I didn't recommend this because trying to get average size files broken
up into chunks that fit neatly across a layered stripe is almost
impossible, and you end up with weird allocation patterns on disk,
wasted space issues, etc. I think it's better to use smallish HW
stripes, no SW stripes, in an instance like this, and allow XFS to drive
the parallelism via allocation groups. This yields better file layout
on disk and better space utilization.
In addition, using concatenation, as we recently learned from an OP who
went through it (unfortunately), with this setup you can lose an entire
hardware array and the FS can keep chugging along after a repair. You
simply lose any files on the dead array.
> Is there a way to monitor log operations to find out how much is being
> used at a given time?
Point in time? Probably not. I'm sure there's a counter somewhere but
I'm not familiar with it.
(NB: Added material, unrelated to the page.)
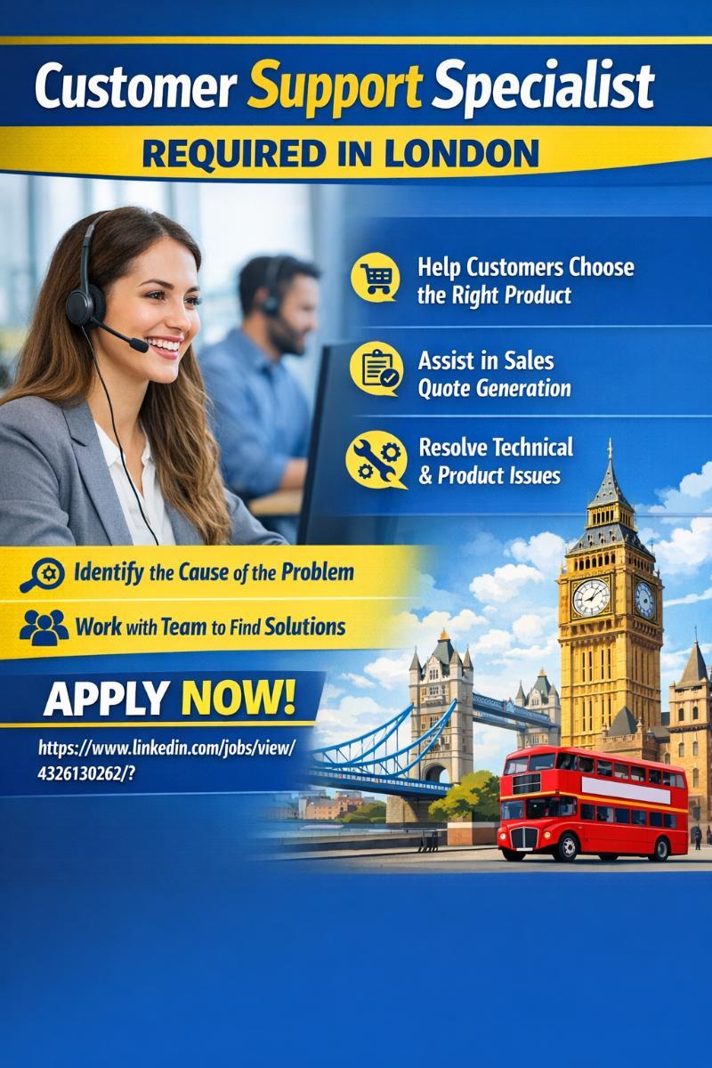 Customer Support Specialist Required in London

What you should be concerned with isn't
necessarily how much of the journal log is being used at any point in
time, but how fast the data is moving through the log. This is why the
speed of the log device is critical, and the size is not. Recall that
the max log size is 2GB.
> All the metadata eventually has to be written to the main array, so
> doesn't that ultimately become the limiting factor on metadata
> throughput under sustained load?
The answer is: it depends on the workload. Add another "depends" when
using delaylog. For example, a given directory inode may be modified
multiple times during a very short period of time. 'rm -rf' on a huge
directory is a good example of this. A huge number of modifications to
the directory are performed, but with delaylog they will be consolidated
and coalesced into a single or a few actual writes into the journal and
filesystem instead of many thousands of writes. These types of
operations are historically where the metadata bottleneck lurked. If
you simply have 1000 users hitting a fileserver and each user writes a
file every minute or so, you'll never see a metadata bottleneck. If you
have _and_ one user decides to delete a directory with 100k files in it,
then you have a metadata bottleneck, at least, if you're not using
delaylog. If you are using it you won't see much of a bottleneck.
Although you'll see some pretty high CPU usage for a 100k file delete
operation. But the load on the on disk journal log will be relatively
Please keep us posted. I'm really interested to see what you end up
doing with this and how it performs afterward.